Clarkson on: leaving Top Gear TV
To a great many people, Top Gear presenters have very possibly the best job in the world. Free cars, club class travel, no repurcussions when you crash and large dollops of fame, fortune and foie gras.
So I'm sure a few readers may be a little perplexed to hear that I have resigned. Here's why.
Now that I've gone, I don't need to drive a razor around my face every single morning. I don't need to buy new shoes every time the old pair start to look scruffy and, best of all, I have no need, ever, to set foot again in the armpit that masquerades as Britain's second city.
Much as I liked Pebble Mill, I really did grow to hate, with unbridled passion, the city that surrounds it. Until you have driven through King's Heath on a wet Wednesday in February, you have not experienced true horror.
You may have seen footage of the Columbian towns devastated by the recent earthquake. Well, King's Heath is like that, only worse. In seven days, God created heaven and earth and then, just to keep his oppo amused, he let Beelzebub do Birmingham.
I pity James May, the man being touted as my replacement. He has been lured by the promise of untold riches, of motor industry obsequeousness on a biblical scale and of bathing in an intoxicating mix of public adulation and Dom Perignon. But he has not considered that his drive from England to Pebble Mill will mean getting through King's Heath.
There are, of course, other reasons why I needed to go. There was, for instance, surprise when I described the Corolla as dull and, yes, even shock when I was seen to fall asleep while driving it. And then, there was surprise again when I savaged the Vectra, refusing for seven minutes of tele-visual time to say anything about it.
By the time I got round to the Cadillac Seville STS, the Clarkson attacks were only midly noteworthy. You had grown to expect them. The shock tactics had become predictable and so weren't shocking any more.
"Much as I liked Pebble Mill, I really did grow to hate, with unbridled passion, the city that surrounds it"
And it was the same with the metaphors. The first time you heard me liken some car to the best bits of Cameron Diaz, you probably sniggered about it at school all the next day. But now, it's tedious.
I never tired of trying to think up new ways to describe a car, and could regularly be found at four in the morning scribbling new lines on a piece of paper by the side of the bed.
I thought of one only last night. "It's like being left outside the pub as a child with a crisp drink and a bag of coke." Great, but now I've nowhere to put it.
I will of course carry on writing for this magazine, and there's always Mr Murdoch to stand bravely between my front door and the wolf but already I'm starting to miss Top Gear.
I miss the banter with Quentin and Tiff, as we sniggered about Steve Berry and what he'd crashed that week.

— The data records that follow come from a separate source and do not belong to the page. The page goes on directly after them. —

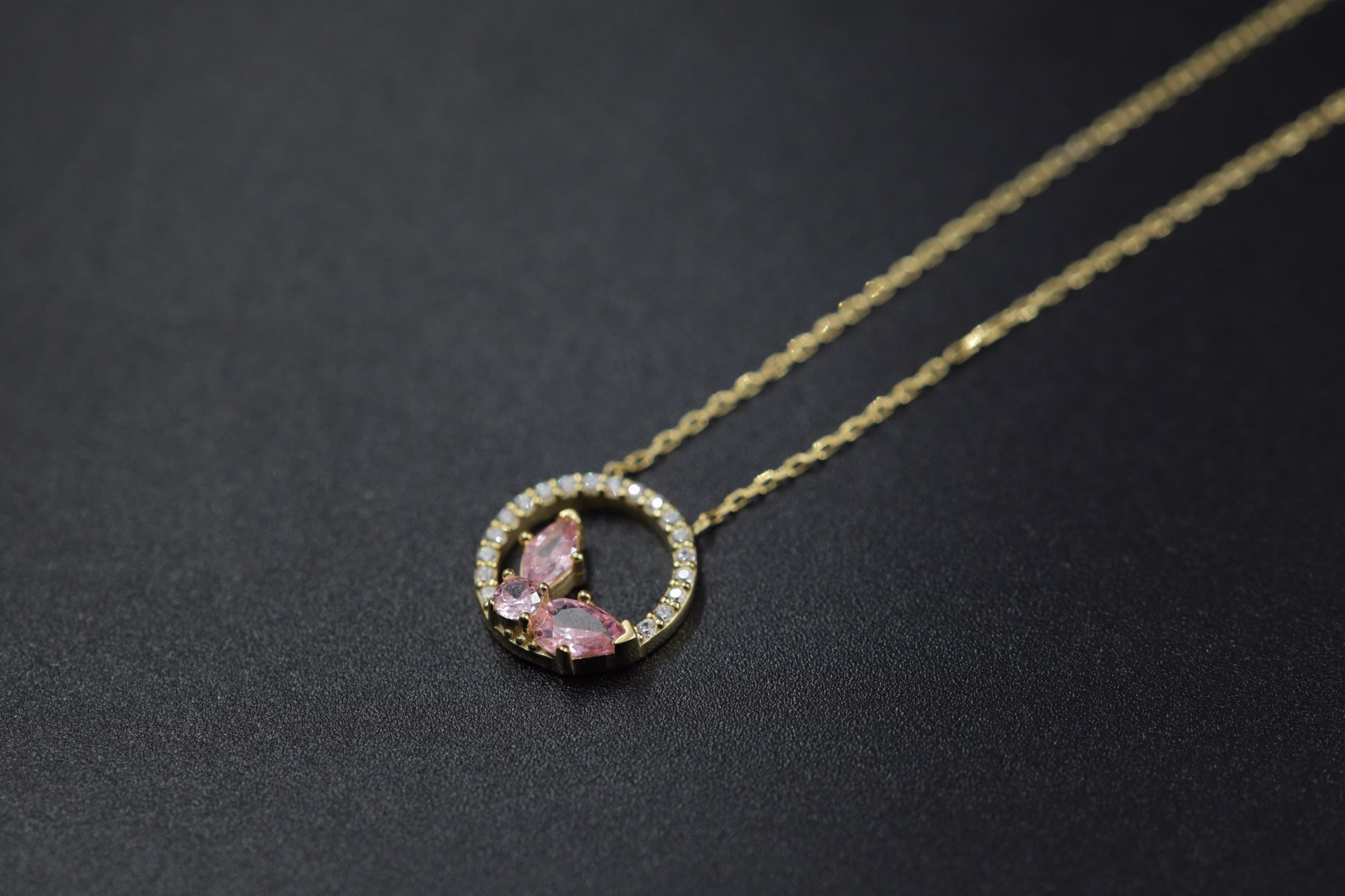 Ogrlica sa kružnim priveskom i leptirićem od roze cirkona.
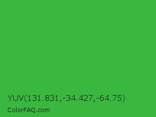 YUV 131.831,-34.427,-64.75 Color is a normal green color and the nearest color is Wageningen Green #34b233. Hex code #3ab73e and RGB value is rgb(58,183,62). In RGB color space, this color is composed of 23% red, 72% green, 24% blue, In CMYK color space, this color is composed of 68% cyan, 0% magenta, 66% yellow , 28% black , In HSL color space, this color has a hue angle of 122° , 52% saturation and 47% lightness.
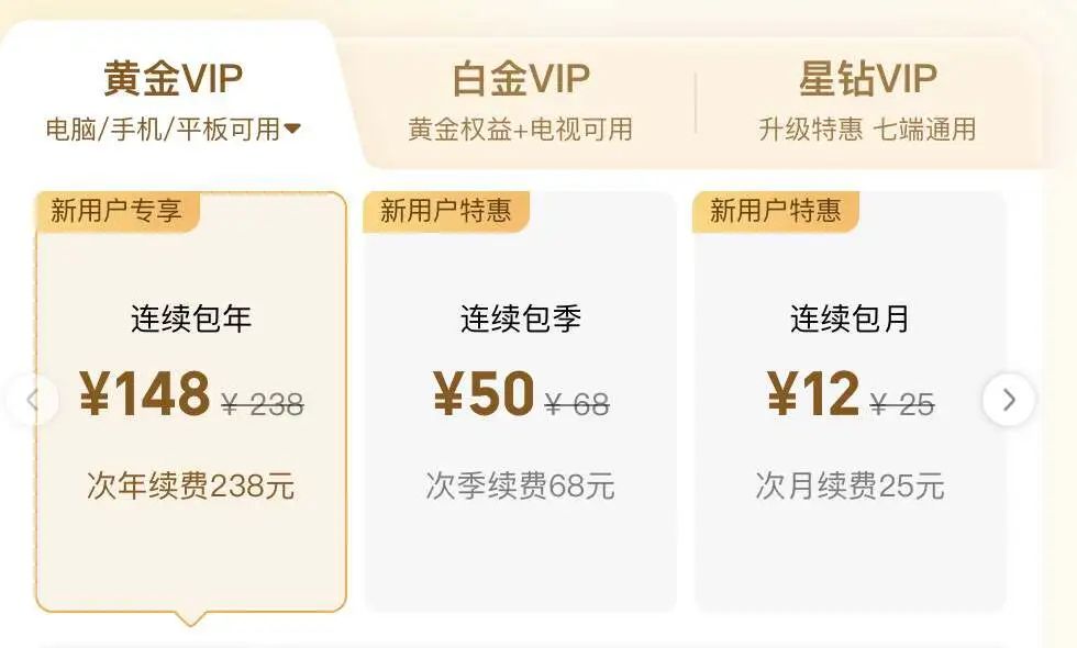 据媒体报道,自2020年底到2022年底,爱奇艺提价了三次,目前黄金VIP会员的月卡从19.8元涨到了30元,连续包年则从178元涨到238元,涨幅分别为51%和34%。
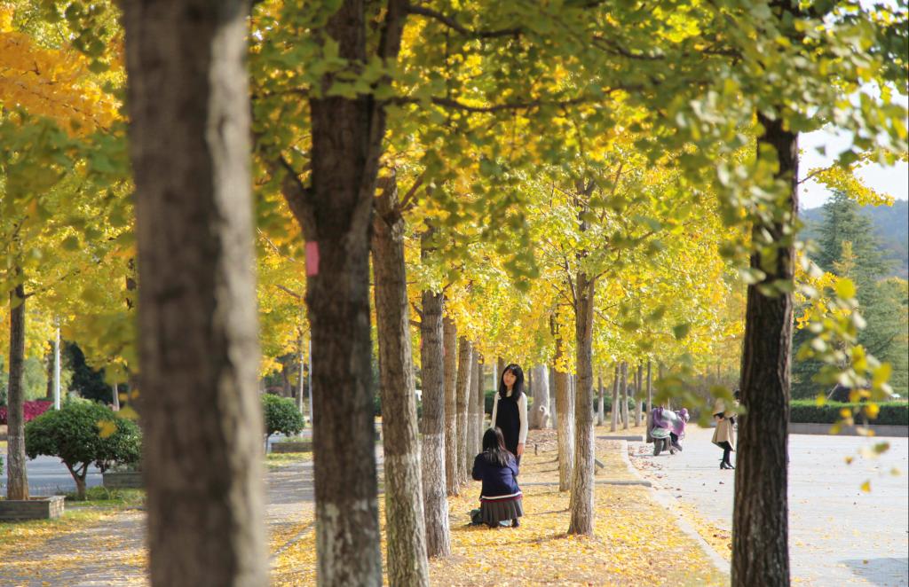 叶子绿了又黄,银杏换了新妆,分外妖娆。一番缤纷后,银杏叶翩然飘落,告示着季节的变化,感悟着时光的荏苒。
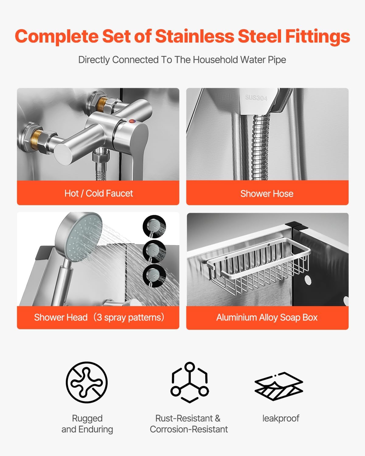 - Complete Accessories: The pet washing sink includes a showerhead, faucet, and a direct connection to a home hose for durability. It also comes with cleaning cloths, a squeegee, play balls, a brush, and gloves, allowing your pet to fully enjoy their bath time
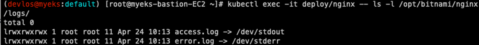 Bitnami Nginx 이미지를 확인해보면 심볼릭 링크를 통해 /dev 디렉터리에 access log와 error log를 기록하는 것을 확인할 수 있다. 이 경로를 통해 kubectl logs 명령을 실행했을 때 애플리케이션의 로그를 확인할 수 있다.
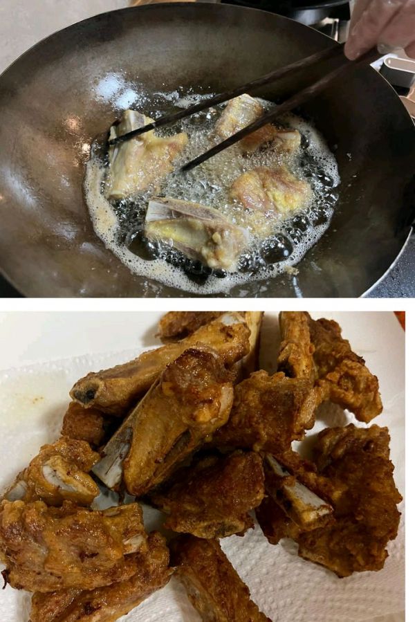 蒜油六成热下锅小火慢炸,炸至金黄捞出(10分钟左右)用猪小排肉嫩
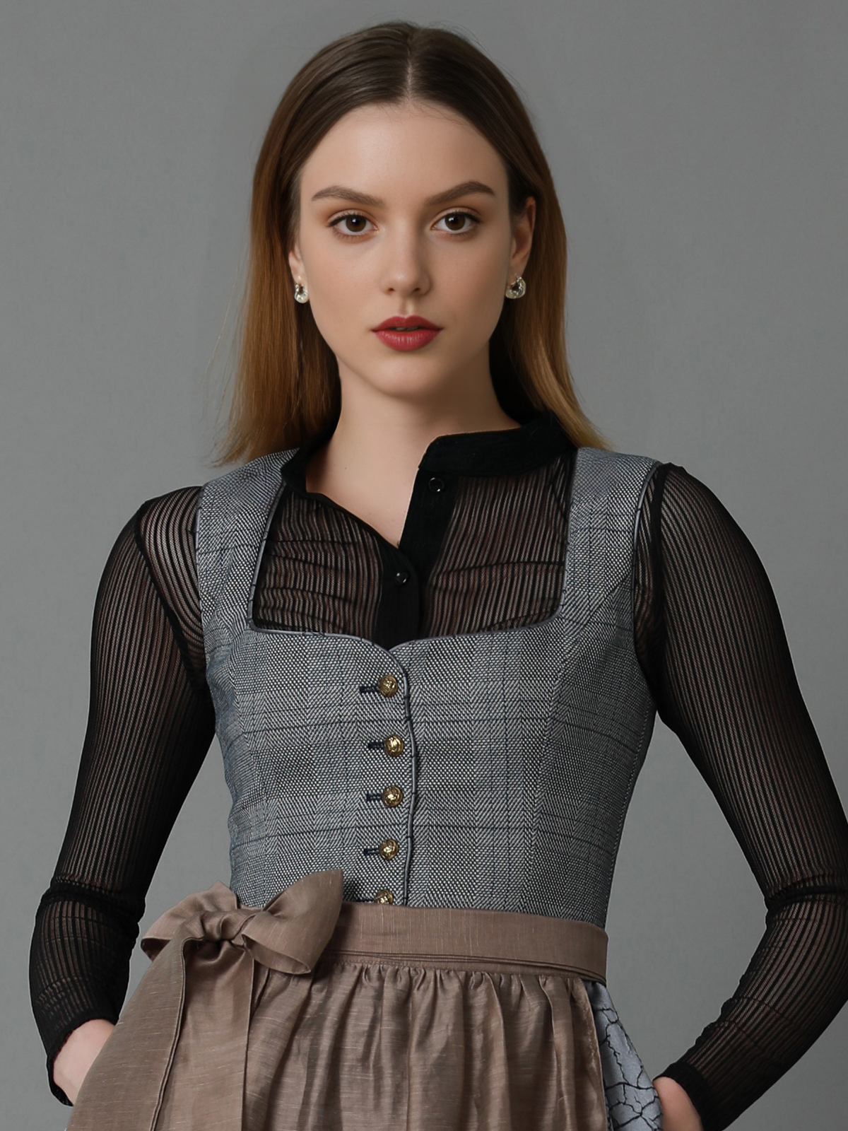 Ein graues Dirndl wie dieses Modell vereint Understatement und Eleganz – ideal für Hochzeiten oder festliche Anlässe.

I miss Vicky's eyes and her ability to bring sex into absolutely everything. I miss climbing into a new car and thinking "Right. What have we got here then".
You may think that the best bit was the endless succession of new cars. But it wasn't. The best bit was sitting down at the computer with an expectant, winking cursor and then, four days later, handing over seven minutes of video tape to the producer.

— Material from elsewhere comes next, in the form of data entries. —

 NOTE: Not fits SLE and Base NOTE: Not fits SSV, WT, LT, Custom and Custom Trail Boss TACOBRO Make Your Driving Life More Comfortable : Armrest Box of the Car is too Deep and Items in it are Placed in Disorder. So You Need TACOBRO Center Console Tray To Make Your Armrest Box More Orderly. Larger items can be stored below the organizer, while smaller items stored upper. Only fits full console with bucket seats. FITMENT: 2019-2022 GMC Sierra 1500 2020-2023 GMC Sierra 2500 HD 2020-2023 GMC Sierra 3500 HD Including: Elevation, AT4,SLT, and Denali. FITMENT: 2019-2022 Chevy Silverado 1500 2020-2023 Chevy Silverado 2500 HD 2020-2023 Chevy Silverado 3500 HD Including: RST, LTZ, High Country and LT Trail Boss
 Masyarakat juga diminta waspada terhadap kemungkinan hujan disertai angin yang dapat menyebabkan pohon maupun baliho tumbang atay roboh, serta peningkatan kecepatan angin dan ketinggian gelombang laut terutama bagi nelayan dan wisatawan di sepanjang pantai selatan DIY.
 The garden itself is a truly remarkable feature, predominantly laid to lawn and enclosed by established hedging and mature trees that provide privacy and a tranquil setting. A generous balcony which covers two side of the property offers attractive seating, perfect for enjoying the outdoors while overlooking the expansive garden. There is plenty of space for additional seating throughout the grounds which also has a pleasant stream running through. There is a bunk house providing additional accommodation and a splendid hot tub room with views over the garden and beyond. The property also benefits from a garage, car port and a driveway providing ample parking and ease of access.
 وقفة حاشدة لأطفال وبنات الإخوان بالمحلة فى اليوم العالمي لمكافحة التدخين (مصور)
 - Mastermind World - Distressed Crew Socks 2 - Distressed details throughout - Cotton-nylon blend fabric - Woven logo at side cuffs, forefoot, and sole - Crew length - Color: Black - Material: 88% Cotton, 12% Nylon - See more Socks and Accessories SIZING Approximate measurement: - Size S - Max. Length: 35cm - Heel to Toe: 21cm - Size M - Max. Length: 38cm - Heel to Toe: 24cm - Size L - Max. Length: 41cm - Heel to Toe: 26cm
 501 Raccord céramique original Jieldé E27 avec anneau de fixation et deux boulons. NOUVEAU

The actual driving was always a drag. You sat in some Godforsaken hedge, on a blind bend waiting for the walky-talky to say the road was clear. And then you set off to find it wasn't or that the cameraman had lost focus and that you'd have to do it all over again, and again and again.

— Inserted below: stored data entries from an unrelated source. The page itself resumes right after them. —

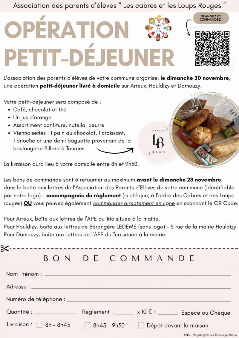 ou via le QR code sur le flyer qui a été distribué dans chaque boite aux lettres des trois communes : Arreux, Houldizy, Damouzy. Cette action servira à financer un beau projet de l'école : la venue d'un cirque et une initiation pour tous les élèves du Trio
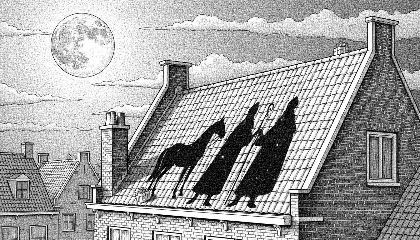 Stap in de magische wereld van Sinterklaasavond met deze prachtige, uitdagende kleurplaat, uitgevoerd in een unieke stippeltechniek. Je ziet een indrukwekkend tafereel van daken, met een groot pannendak op de voorgrond en omliggende bakstenen huizen met ramen. De nachtelijke sfeer wordt versterkt door een grote, heldere volle maan en zachte wolken aan een gestippelde hemel, die de illusie van sterren of een diepe nacht creëert. Het meest betoverende element zijn de lange, donkere schaduwen die over het centrale dak vallen: die van Sinterklaas’ paard en daarachter drie figuren, waarvan de middelste duidelijk Sinterklaas zelf is, herkenbaar aan zijn staf. Links, naast de schaduw van het paard, ligt een klein, ingepakt cadeautje te wachten. Diverse schoorstenen steken boven de daken uit, wachtend op de cadeautjes. Deze gedetailleerde tekening vangt perfect de spanning en anticipatie van Sinterklaasavond en is perfect voor volwassenen en oudere kinderen die houden van een creatieve uitdaging.
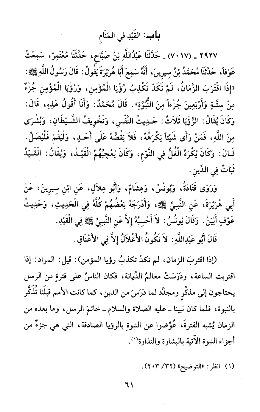 2927 - (7017) - حَدَّثَنَا عَبْدُ اللَّهِ بْنُ صَبَّاحٍ، حَدَّثَنَا مُعْتَمِرٌ، سَمِعْتُ عَوْفاً، حَدَّثَنَا مُحَمَّدُ بْنُ سِيرِينَ، أنَّهُ سَمِعَ أَبَا هُرَيْرَةَ يَقولُ: قَالَ رَسُولُ اللَّهِ - صلى الله عليه وسلم -: "إِذَا اقْتَرَبَ الزَّمَانُ، لَمْ تَكَدْ تَكْذِبُ رُؤْيَا الْمُؤْمِنِ، وَرُؤْيَا الْمُؤْمِنِ جُزْءٌ مِنْ سِتَّةٍ وَأَرْبَعِينَ جُزْءاً مِنَ النُّبُوَّةِ". قَالَ مُحَمَّدٌ: وَأَنَا أقولُ هَذِهِ، قَالَ: وَكَانَ يُقَالُ: الرُّؤْيَا ثَلاَثٌ: حَدِيثُ النَّفْسِ، وَتَخْوِيفُ الشَّيْطَانِ، وَبُشْرَى مِنَ اللَّهِ، فَمَنْ رَأَى شَيْئاً يَكْرَهُهُ، فَلاَ يَقُصُّهُ عَلَى أَحَدٍ، وَلْيَقُمْ فَلْيُصَلِّ. قَالَ: وَكَانَ يُكْرَهُ الْغُلُّ في النَّوْمِ، وَكَانَ يُعْجِبُهُمُ الْقَيْدُ، وَيُقَالُ: الْقَيْدُ ثَبَاتٌ في الدِّينِ.

I promise you this. It really isn't much fun driving a Ferrari when you are accompanied by a cameraman, a ton of equipment and a bloody great blinding light on the bonnet.
I'm often asked what qualifications you need to work on Top Gear and I've always given the same advice. Like cars by all means, but love writing. Love it so much that you do it to relax. See the new Alfa or whatever as nothing more than a tool on which your prose can be based.
Don't worry about how fast it gets from 0 to 60. Worry only about how you will explain this meaningless figure to your viewers or readers.
So what am I going to do to fill the void left by Top Gear? Simple. I'm going to write and write and write until the smiles come back.